Second, even if the intruder is a criminal, few places allow you or your dog to cause physical injury to prevent property loss. Convicted felons have sued the dog’s owner from jail and won more in the suit than they ever could have stolen! Appalling? True.

And don’t be foolish enough to believe your homeowner’s insurance will cover the loss. Now you see why many feel that an outside dog is a no-brainer.

The more a dog is outdoors, the less behavioral control you have. It’s easier to solve four or five indoor problems than one outdoor problem. The reason is valid and simple: The more you control the stimuli that reaches your dog, the more you control the responses. You’ve got a lot more control over your living room than you do over your entire county! When your dog is bored, but teased by every dog, cat, bird, squirrel, motorcycle, paperboy, airplane, firecracker and backfiring truck in the county, OF COURSE he’ll dig, chew, and bark.

Would you sit still all day everyday? Do you want unnecessary medical and parasite fees, especially as the dog ages?

When a dog is alone indoors, you are still 30% there because your scent and things he associates with you, constantly remind the dog of you and your training. When he’s out, your dog is alone whether you’re home or not. Do you really expect him to keep YOU in mind while the entire world teases, distracts and stimulates him?

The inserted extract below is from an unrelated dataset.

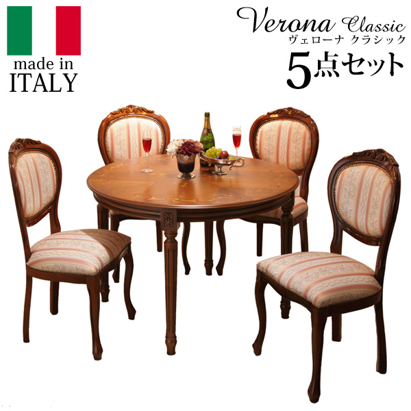 ■イタリア製 ヴェローナ クラシック ダイニング 5点セット 五点セット ダイニングテーブル 幅110 ダイニングチェア 四脚 アンティーク 北
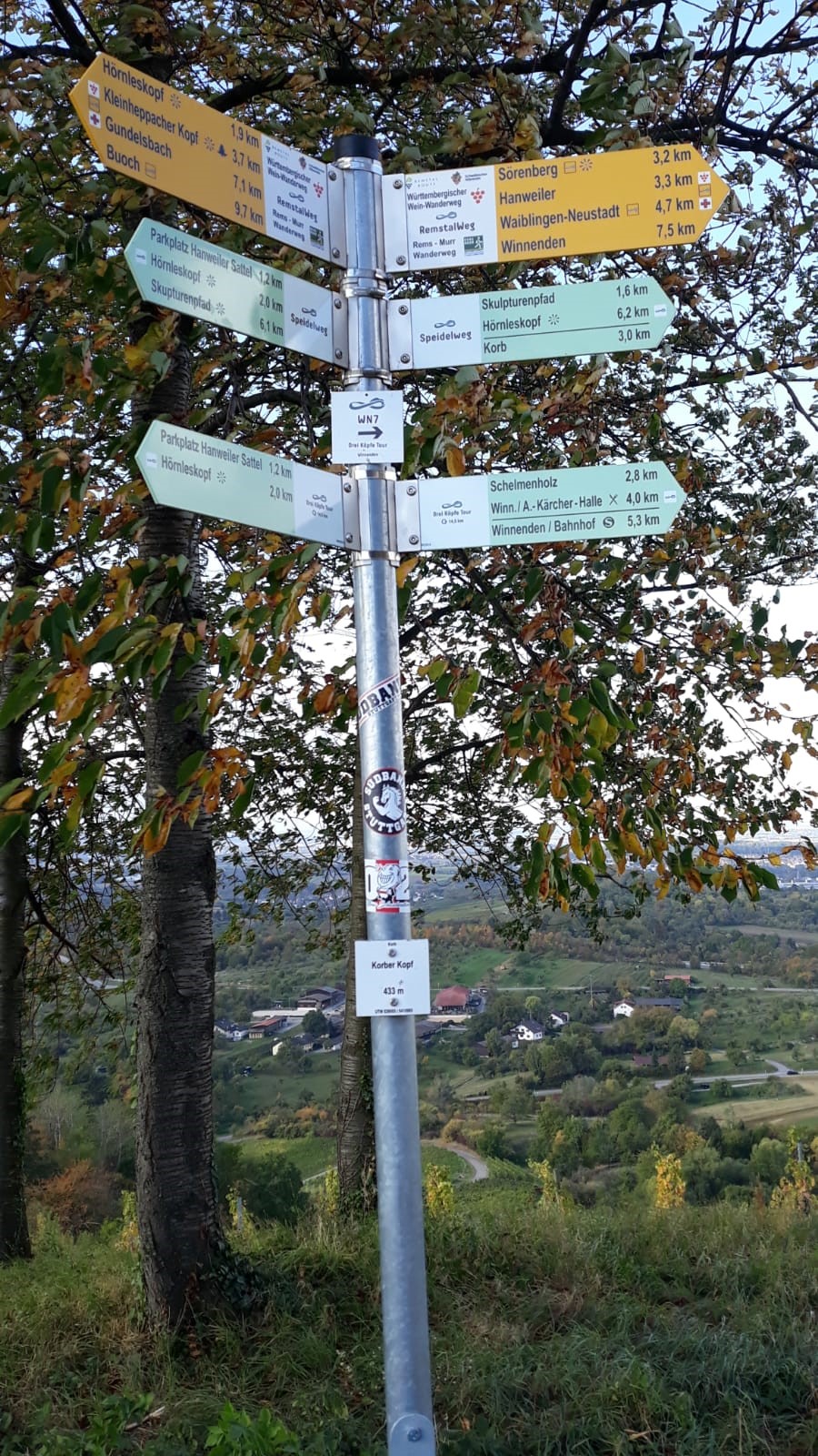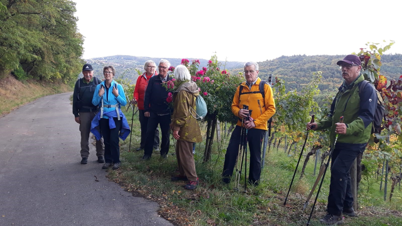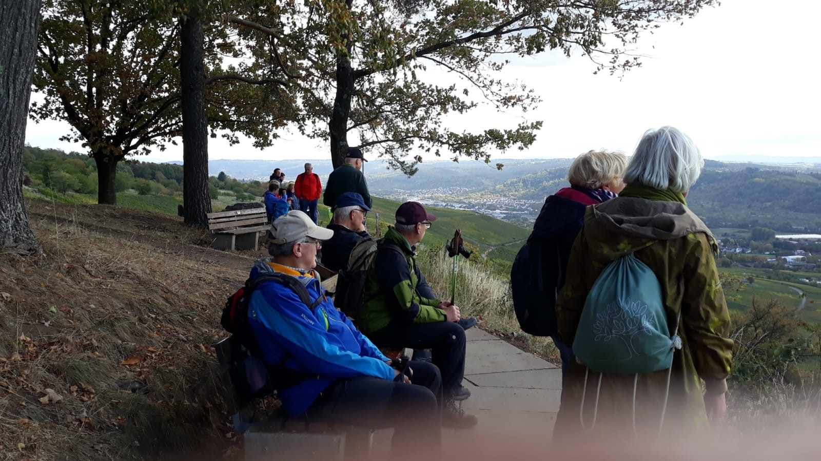 Um 9:15 Uhr traf man sich in der Ortsmitte von Berghülen, am Brunnen. In Fahrgemeinschaften fuhr man ins Remstal, nach Korb. Von dort aus ging es zu Fuß durch die Weinberge, den Wanderweg zum Korber Kopf hinauf. Vom Kopf aus hatten wir eine tolle Aussicht über das Remstal. Anschließend ging es von dort durch den Wald hinab in den Weinort Hanweiler und anschließend wieder bergauf zum Hanweiler Sattel. Dann ging es zum Kleinheppacher Kopf und weiter zum Hörnleskopf. Hier hatten wir Sicht in Richtung Stuttgart, auf Waiblingen, Winnenden und vielen kleinen Ortschaften im Remstal. Nach rund vier Stunden kamen wir wieder bei unseren Autos an und fuhren von dort zurück auf die Alb. In Hohenstadt machten wir halt um im dortigen Gasthaus Sonne einzukehren.

The media is full of stories about the family dog saving everyone’s life during a fire. How many people, including children, would be dead today if those dogs were kept outside? SURE - you ALWAYS get up to investigate every time your yard dog barks. And I’ve got this bridge.

An outdoor dog has an address, not a home. Dogs offer real value as companion animals. Stop behavior problems and start enjoying real protection and companionship. Bring your dogs inside.